Flames Thoughts: Calgary picks up needed 2 points against Oilers

Mike Smith made 28 saves for the shutout and the Calgary Flames defeated the Edmonton Oilers.

Johnny Gaudreau scored the game’s only goal and Mike Smith stopped all 28 Edmonton Oilers shots in the Calgary Flames‘ 1-0 win in the Battle of Alberta at Scotiabank Saddledome in Calgary on Tuesday.


In just his second game since returning to the lineup after missing 13 games with a lower-body injury, Smith nabbed his third shutout of the season and the 36th of his NHL career.

Injured with 1.1 seconds left in the Flames’ 3-2 win in Brooklyn on Feb. 11, Smith looked a little shaky in the first period of Sunday’s game against the Islanders, his first in exactly one month. After getting the rust off in the opening 20 minutes, two-time all-star looked a lot more comfortable and confident in the final 40 minutes of the 5-2 loss and that carried over into Tuesday’s game against the Oilers.

Smith was outstanding in both stopping the puck and playing it. The 35-year-old showed some incredible athleticism in the third period, when on a perfect pass from Connor McDavid, Ryan Nugent-Hopkins one-timed a shot towards what appeared to be an open net. Somehow, Smith stretched out and got his right pad on the puck to keep the Flames in front, making one of the best saves that I’ve seen this season.

While I wouldn’t say Smith stole Tuesday’s game versus the Oilers, he was definitely the Flames’ best player.


For a number of reasons, I called Tuesday’s game against the Oilers a “must-win” for the Flames.

1. In their last two home games, the Flames’ 103 shots and 181 shot attempts led to three goals and no points in 3-1 and 5-2 losses to the Rangers and Islanders, respectively. With just two wins in their last 11 home games, the Flames had to stop the bleeding by finding a way to win at home.
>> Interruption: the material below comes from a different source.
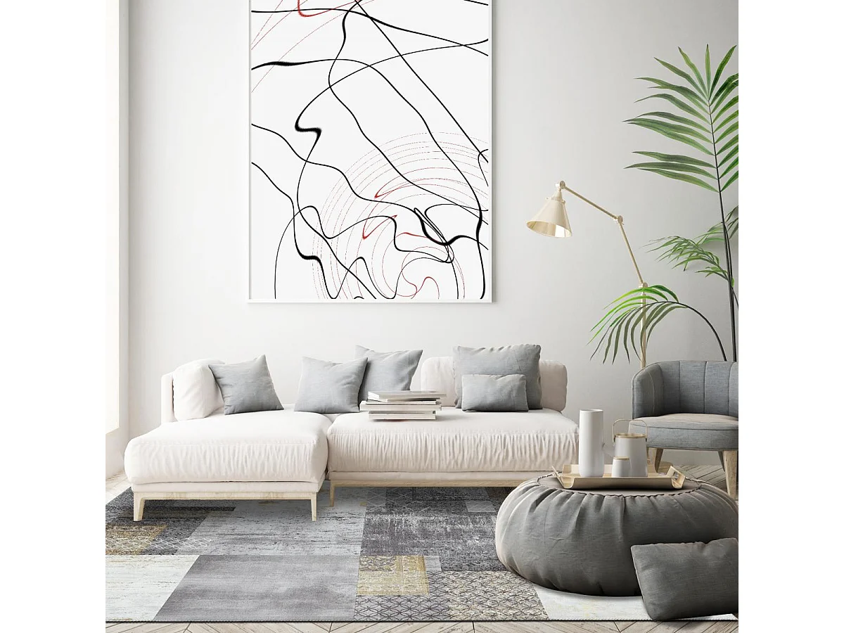 tapis salon 160x230 tissé en coton gris et noir rectangle motif géométrique TUBE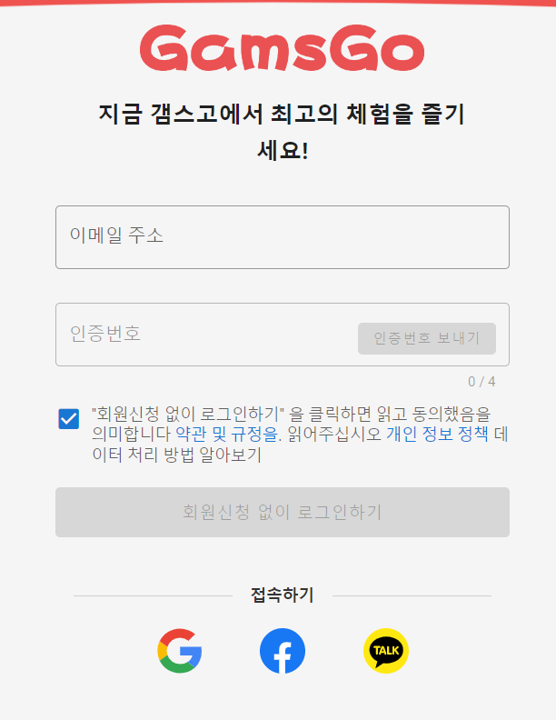 겜스고(Gamesgo)의 좋은 점은 특별한 회원 가입절차가 없다는 것입니다. 구글, 페이스북, 카카오톡을 연동해서 로그인할 수도 있으며, 이메일 주소만 인증해도 쉽게 로그인할 수 있답니다.

2. The Flames had lost seven straight games to the Oilers. While the Battle of Alberta isn’t what it was back in the 1980s and early 1990s, games between Calgary and Edmonton are still special. Losses to the Oilers are a little more bitter while wins are a little more sweet. This could kickstart the Flames.

3. The Flames picked up two much-needed points to stay within striking distance of second and third place in the Pacific Division and the two wild-card spots in the Western Conference. Not only did the Flames help themselves, they got some help on the out-of-town scoreboard from the Montreal Canadiens, who doubled up the Dallas Stars 4-2, and from the Arizona Coyotes, who knocked off the Los Angeles Kings 4-3 in a shootout.

The Oilers seemed to lose Gaudreau, who took a perfect pass from Sean Monahan and waited for Cam Talbot to make a move before backhanding the puck over the goaltender’s right shoulder to give the Flames a 1-0 lead 5:18 into the second period. With the tally, his 22nd of the season, Gaudreau reached the 80-point plateau for the first time in his career and stretched his point streak to five games.


After falling backwards over the back of Mathew Barzal and hitting his head on the boards late in the third period of in Sunday’s setback versus the Islanders, Matthew Tkachuk missed Tuesday’s game against the Oilers. Before the game, Glen Gulutzan said his sophomore star is day to day. Tkachuk wasn’t the only second-year pro out for the Flames on Tuesday.

Mark Jankowski was a healthy scratch versus the Oilers. With Tkachuk and Jankowski out, Sam Bennett was promoted to the second line with Mikael Backlund and Michael Frolik. Nick Shore took Jankowski’s spot on the third line with Troy Brouwer and Garnet Hathaway, and Chris Stewart drew in on the fourth line alongside Matt Stajan and Curtis Lazar. I thought all three lines were effective versus the Oilers.

While I thought Shore, who Brad Treliving acquired from the Senators for a seventh-round pick at the NHL’s trade deadline, played pretty well in his Flames debut on March 2, I thought he was even better in his second game. Shore is a smart, defensively-responsible player who the Flames believe has more to offer offensively.

As for Stewart, after a pair of pretty uninspired performances in his first two games with the Flames on Feb. 27 and 28, I thought he was way more engaged and effective in his return to the lineup on Tuesday, especially in the first 40 minutes.

With two days in between games, the Flames are hoping that Tkachuk and Kris Versteeg, who hasn’t played since Nov. 24 after deciding to have hip surgery, will both be ready to return to the lineup for what I’m calling their biggest game so far this season, a proverbial four-pointer versus the San Jose Sharks, on Friday.

While Tkachuk’s certainly a question mark, I think there is a strong possibility that the two-time Stanley Cup champion Versteeg will play.